Aksi Unik Korban: Karangan Bunga Sindiran
Para korban tidak tinggal diam. Dalam aksi yang cukup unik, mereka mengirimkan karangan bunga ke Kantor Bupati Bandung dengan tulisan sindiran:
"Selamat Ulang Tahun Dadang Supriatna, Semoga Panjang Umur Sampai 105 Miliar Tahun"
Tulisan tersebut merupakan sindiran tajam menyangkut nilai utang yang belum dibayar.
Pelajaran Berharga dari Kasus Ini
Kasus ini menjadi警示 penting bagi kita semua:
- Pengawasan BUMD yang Lemah
BUMD adalah aset daerah yang harus diawasi ketat oleh kepala daerah sebagai Kuasa Pemilik Modal (KPM). Kelalaian pengawasan dapat berakibat fatal pada keuangan negara.

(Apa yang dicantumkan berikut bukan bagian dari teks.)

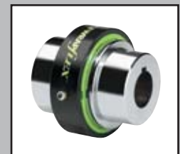
Falk™ Wrapflex Couplings
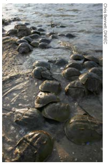
The Delaware Bay is vital to horseshoe crabs.

allow freshwater species to migrate inland over time. Other adaptation efforts include the installation of a living shoreline project on Blackbird Creek and restoration designs for Mispillion Harbor, Milford Neck marsh. and Port Mahon shoreline.
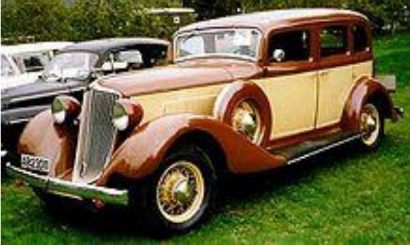
1932 Graham Blue Streak

Graham-Paige (1928–1930; Graham 1930–1947)
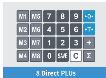
8 Direct PLUs
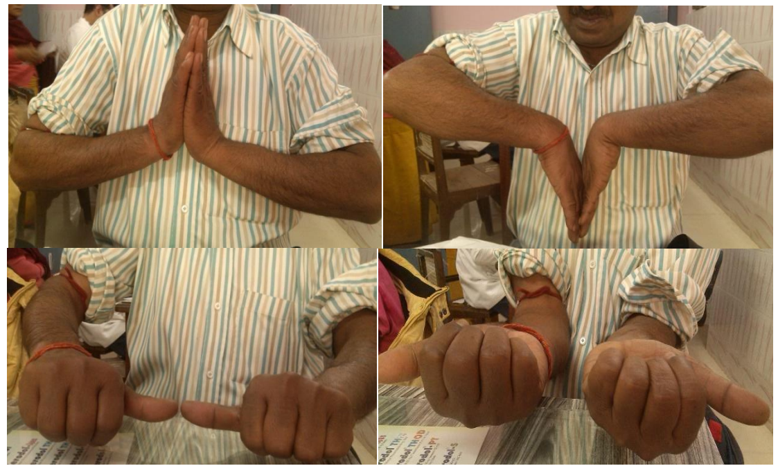
Figure 3 (C) Showing range of motion at the end of eight weeks postsurgery.
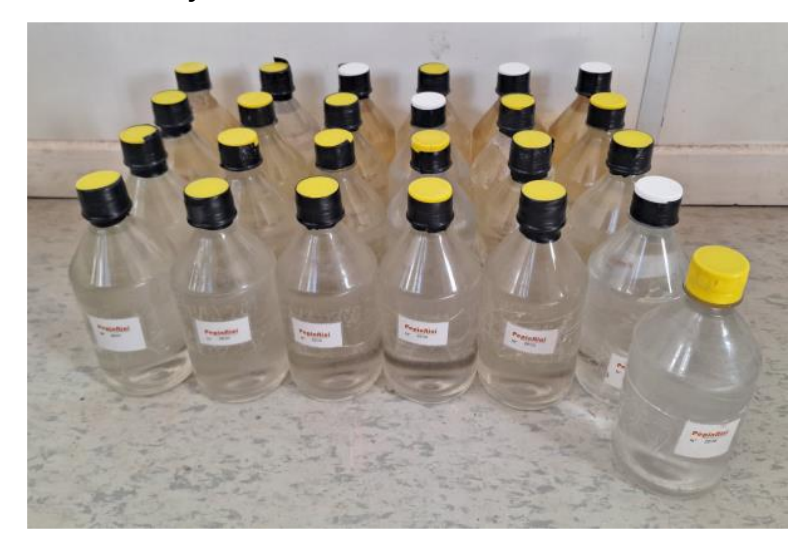
Figure 2: Lithium brine samples (500ml bottles) from drillhole PM23-VI-02 sent for laboratory assay tests

Power recently completed drilling at its first target, the Incahuasi salar, and the results delivered a maiden JORC Mineral Resource at Incahuasi, which adds to the total JORC Mineral Resource at the Salta Project (ASX announcement, 23 May 2023).
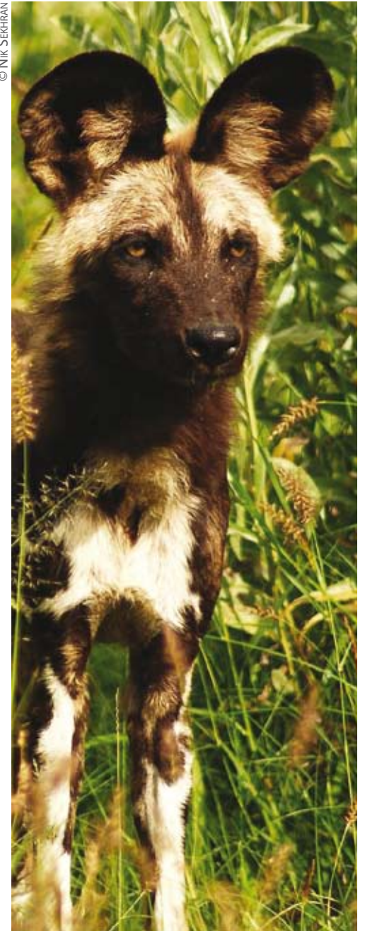
African Wild Dog, one of the world's most endangered large carnivores.

One of the key elements of the UNDP biodiversity strategy is restoration and sustainable management of carbon pools in natural ecosystems.
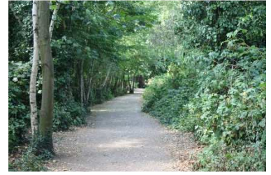
Old Railway Track

Who of our readers remember Muffin the Mule? On a rather overcast day our autumn walk started by climbing the hill from Alexandra Palace Station to the Palace itself, from where TV was first transmitted. A reminder of this fact is being put together on the site. There is a panel depicting programmes transmitted in 1953: the Coronation, Philip Harben (we also came across him in Highgate Cemetery!) and dear old Muffin.
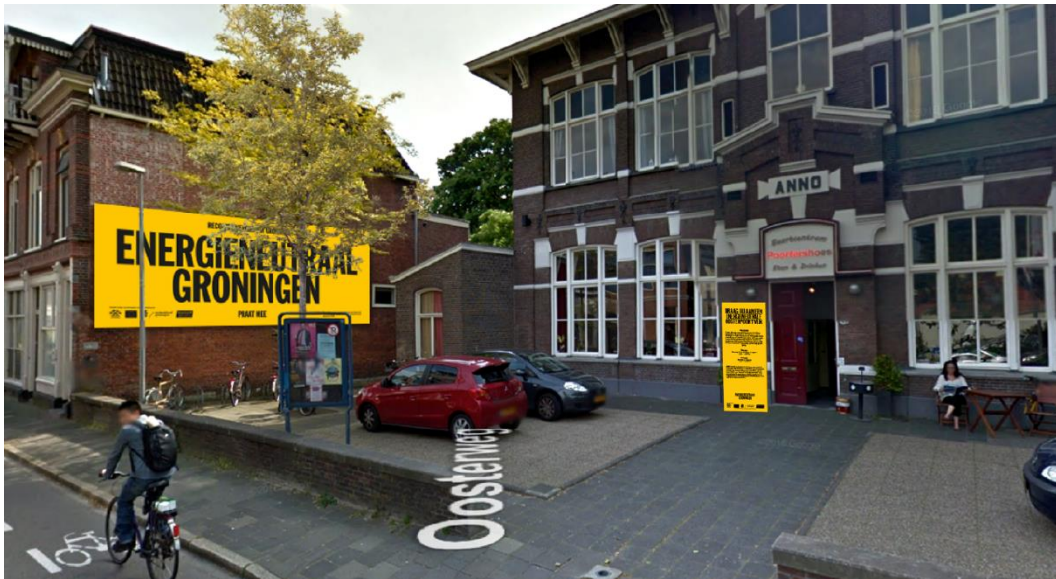
Poorterhoes in the Oosterpoort neighbourhood.
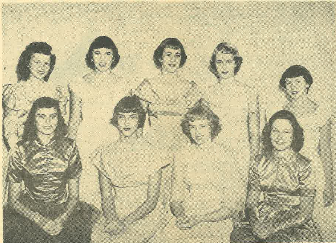
Pictured above are the Homecoming queen and attendants:
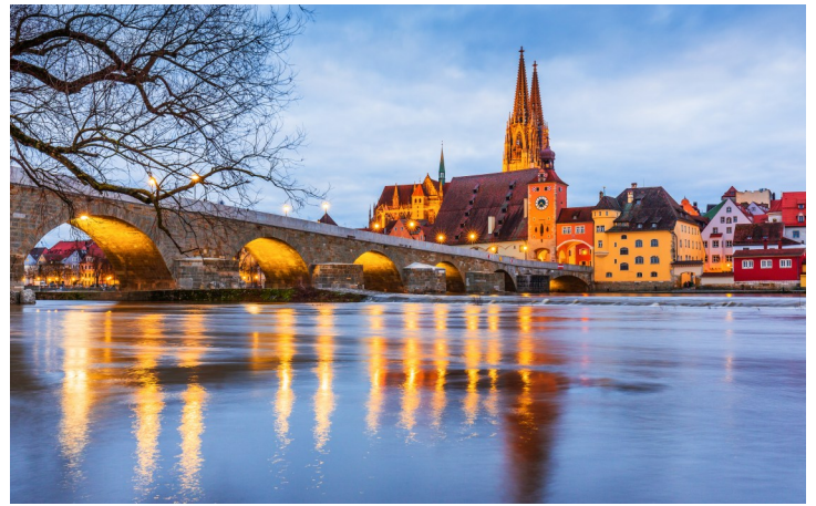
Medieval Regensburg glowing at dusk

Our festive journey begins as we touch down in Vienna, a city renowned for its imperial grandeur and vibrant coffee house culture. We are warmly greeted by our airport host and transferred to the pier to drop off our luggage. Before checking in, we seize the opportunity to step out into the crisp air to explore the city independently. Once our cabins are ready in the afternoon, we settle aboard our AMADEUS ship. The evening brings us together in the Panorama Bar for a Welcome Cocktail with the Cruise Director, followed by a celebratory Welcome Dinner. We remain docked in Vienna overnight, surrounded by the twinkling lights of the holiday season. AMADEUS Queen (6 nights) D

- Waspadai Tawaran Solusi Alternatif
Jangan terjebak dalam skema yang mengalihkan masalah pidana menjadi perdata atau utang dihapus dengan proyek baru yang tidak jelas. Ini bisa menjadi jebakan hukum yang berbahaya.
- Keberanian Melapor adalah Kunci
Vita Gozali dan vendor lainnya menjadi contoh bahwa korban korupsi harus berani bersuara dan membawa kasus ke jalur hukum, meskipun melawan kekuasaan.
Penyidikan Berlanjut, Keadilan Dinantikan
Sidang ini menjadi penanda bahwa kasus ini bukan lagi sekadar utang piutang bisnis biasa, melainkan dugaan korupsi struktural yang melibatkan aparatur pemerintah. Kejaksaan Negeri Kabupaten Bandung telah menaikkan status ke tahap penyidikan, membuktikan adanya unsur pidana dalam pengadaan ayam ini.
Kini, publik menantikan putusan keadilan dari majelis hakim yang akan mempertimbangkan seluruh keterangan dan alat bukti yang diajukan.